Только на самом-то деле она говорила это Бланш Хаггард. Ей она посоветовала (не слишком, право, любезно с ее стороны):
«Не будь такой самодовольной, Джоан».
Это было некрасиво. Потому что Джоан вовсе не была самодовольной, во всяком случае, по-глупому самодовольной.
«Думай побольше о других, милочка, а о себе — поменьше».
Что ж, она всегда так и поступала — всегда думала о других. О себе она вообще почти не думала, уж, во всяком случае, в первую очередь. Эгоисткой она не была никогда — заботилась о детях, о Родни.
Аврелия!
Почему она вдруг вспомнила об Аврелии?
Почему увидела так ясно лицо старшей из дочерей — ее вежливую, чуть-чуть высокомерную улыбку.
Аврелия, без всякого сомнения, не способна была оценить мать по достоинству.
Слова, которые она могла иногда наговорить, очень язвительные слова, еще как задевали. Нельзя сказать, чтобы она грубила, но все же…
А что же тогда?
Это ее сдержанное изумление, поднятые брови. То, как она невозмутимо удалялась из комнаты.
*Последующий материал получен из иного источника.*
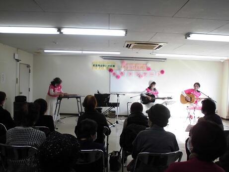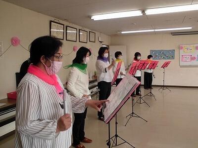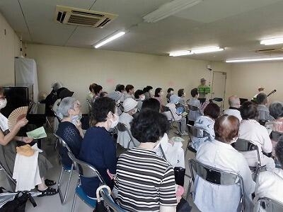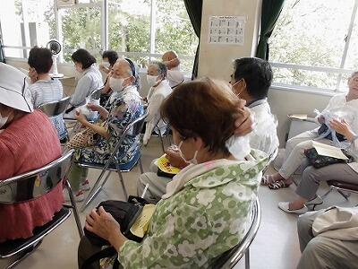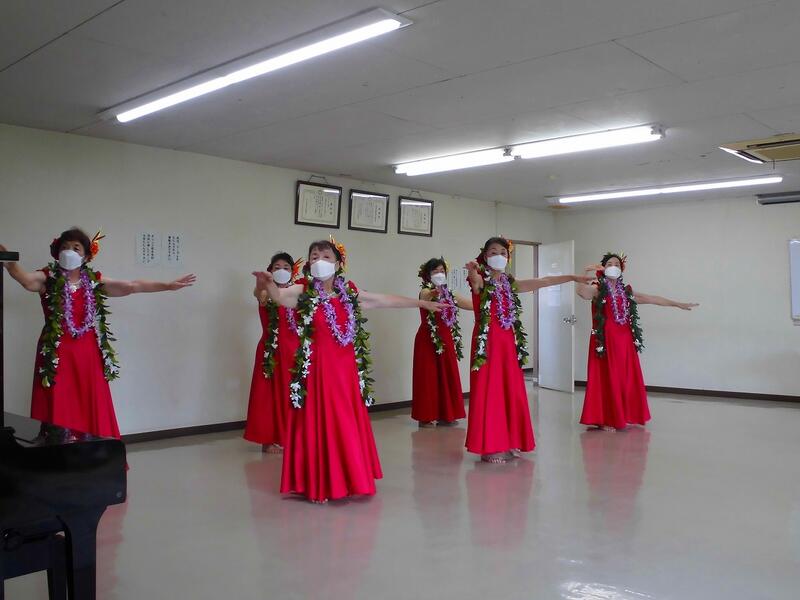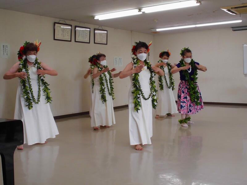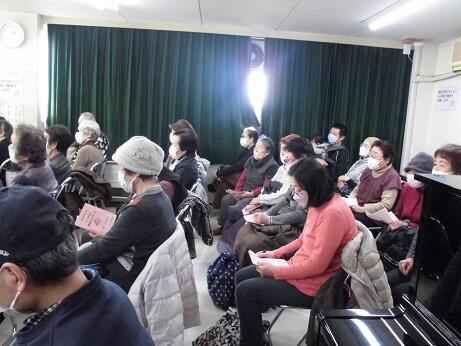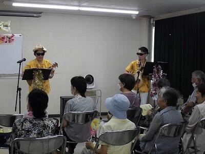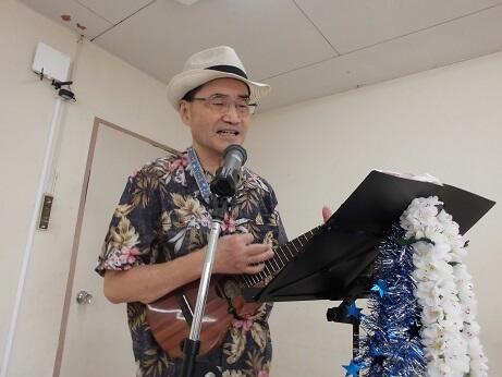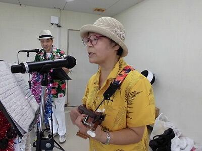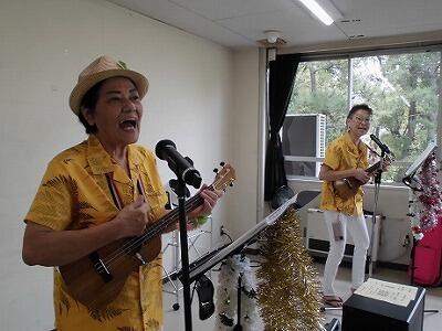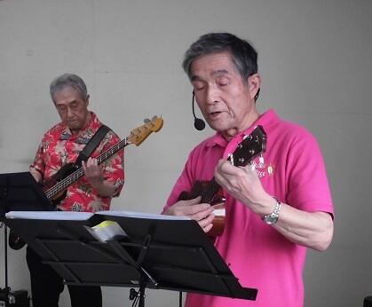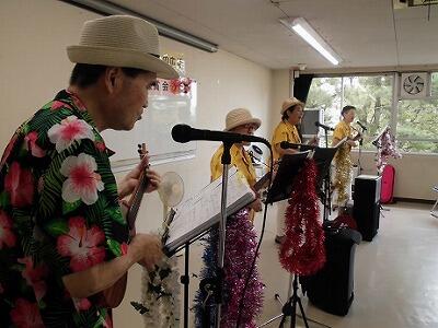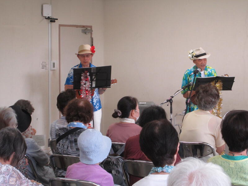 前列には女性7名、後列には男性5名の総勢12名で編成されました。昭和歌謡から懐メロ、ハワイアンの名曲まで幅広いレパートリーを演奏とコーラスで披露していただきました。

Аврелия конечно же была к ней привязана, все дети были к ней привязаны…
А были ли?
Были ли дети привязаны к ней — или она была им совершенно безразлична?
Джоан привстала со стула, а затем опустилась опять.
Откуда берутся подобные мысли? Почему она об этом задумывается? Такие опасные, неприятные мысли. Надо выкинуть их из головы… постараться не думать об этом…
Голос мисс Гилби… пиццикато.
«Не стоит отгонять от себя мысли, Джоан, моя милочка! Ты не должна видеть только внешнюю сторону вещей, потому что так проще и из желания уберечь себя от боли».
Может, она поэтому хочет отогнать тяжелые воспоминания? Чтобы не причинять себе боли?
Потому что они разумеется болезненны…
Аврелия…
Была ли привязана к ней Аврелия? По крайней мере, хорошо ли относилась к матери?
Все дело в том, что Аврелия была необычная девочка — холодная, рассудочная. Вообще-то говоря, из троих детей именно Аврелия заставила родителей узнать, что такое настоящее волнение.